Dante, who loved well because he hated,
Hated the wickedness that hinders loving
.


Read reviews here, here, here, and here. Read obits here, here, here, and here. And this.

Monday, 20 October 2008

Prayer, by Alice Oswald

Alice Oswald's first collection of poetry, The Thing in the Gap-Stone Stile was published by Oxford University Press in 1996 and she has followed this impressive debut with equally impressive collections Dart (2002) and Woods, etc. (2005). In 2007 Faber republished her first collection. She writes the kind of poems I would love to write, they are huge in their perspectives.
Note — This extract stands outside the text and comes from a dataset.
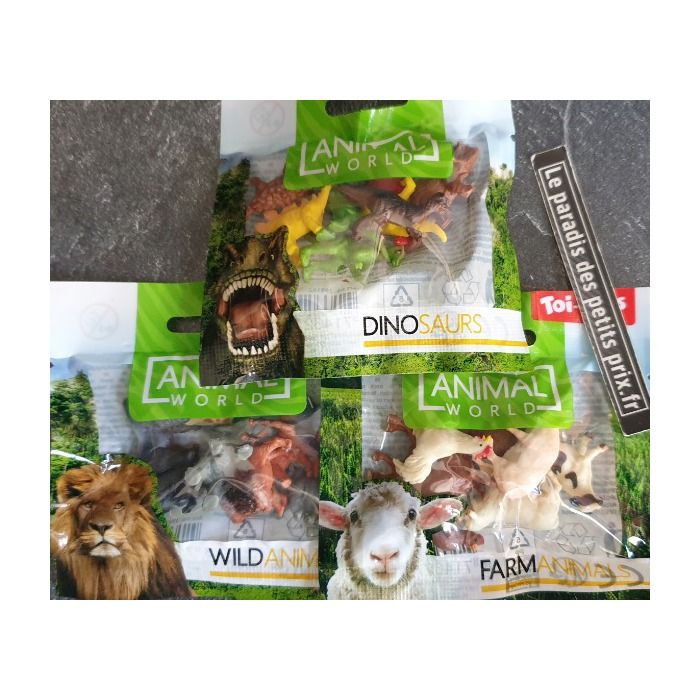 24 figurines animaux , 8 animaux de la ferme, 8 animaux sauvages , 8 dinosaures

She looks at her environment and she seems to see all that is important, like the world curving into the eye of an eagle. One of my favourite poems from this collection is called Prayer:


Here I work in the hollow of God's hand
with Time bent round into my reach. I touch
the circle of the earth, I throw and catch
the sun and moon by turns into my mind.
I sense the length of it from end to end,
I sway me gently in my flesh and each
point of the process changes as I watch;
the flowers come, the rain follows the wind.

And all I ask is this—and you can see
how far the soul, when it goes under flesh,
is not a soul, is small and creaturish—
that every day the sun comes silently
to set my hands to work and that the moon
turns and returns to meet me when it's done.

Sunday, 6 April 2008

Poetry Now 2008



Over the past few days I've been going out to Dun Laoghaire to the Poetry Now 2008 Festival. It has been very worthwhile. And old and good friend was curator this year so I was going as both a moral supporter but also a bog standard member of the public, interested in the readings. On Thursday, Belinda McKeon gave a wonderful introductory lecture, 'Poem Springing', and discussed the idea of readings, citing Larkin's suspicions of readings. It was about poetry and diversity, the work of the ear and the work of the eye. [On the Poetry Ireland website, on the calendar of events, they've listed Belinda as reading her poem 'Springing', which I thought was a rather poetic misreading for her introduction 'Poem Springing'].

I got to several readings. Bernard O'Donoghue, Antonella Anedda, and Jamie McKendrick. It was such a pleasure. O'Donoghue is one of my favourite poets writing at the moment. He writes so beautifully about leaving home, about Ireland, about an Ireland of the 1950s that I recognize in veins of my own childhood, and in my own returns home. He helps me make sense of that and teaches me so much about the things I know so well they are a mystery. Anedda's work I did not know but found myself delighted to know it, and she was well served in the beautiful translations of the wonderful Jamie McKendrick. McKendrick occupies a space of happy Italian memories for me and to hear him read again made me think a lot about that time.

Later that evening, CD Wright and Seamus Heaney read. Wright's work, again (I say red-faced), I did not know and found it difficult and interesting and I enjoyed the hard work of it. Heaney was what he always is in readings: memorable, beautiful, modest, extraordinary. He read some new stuff, which was marvellous to hear.

On Saturday, I got to the final reading of the evening, Henri Cole, Mimi Khalvati, and George Szirtes. Again, this was an introduction to the work of Cole and Khalvati, but I shall certainly be reading more. And Szirtes read with that Central European urbanity that his poetry so beautifully expresses, the sadness of an exile.

Undoubtedly one of the highlights for me was meeting Alice Lyons, the poet and visual artist who was responsible for the fantastic Staircase Project in Carrick-on-Shannon, Co. Leitrim. We'd been introduced as neighbours, and a moment's puzzlement led to a spark of mutual recognition where I was identified as "Miglior Acque"! That's a first. It was a beautiful evening and I am glad of it.

Thank you Belinda for putting together a fantastic festival, and thanks to the poetry, for being so good.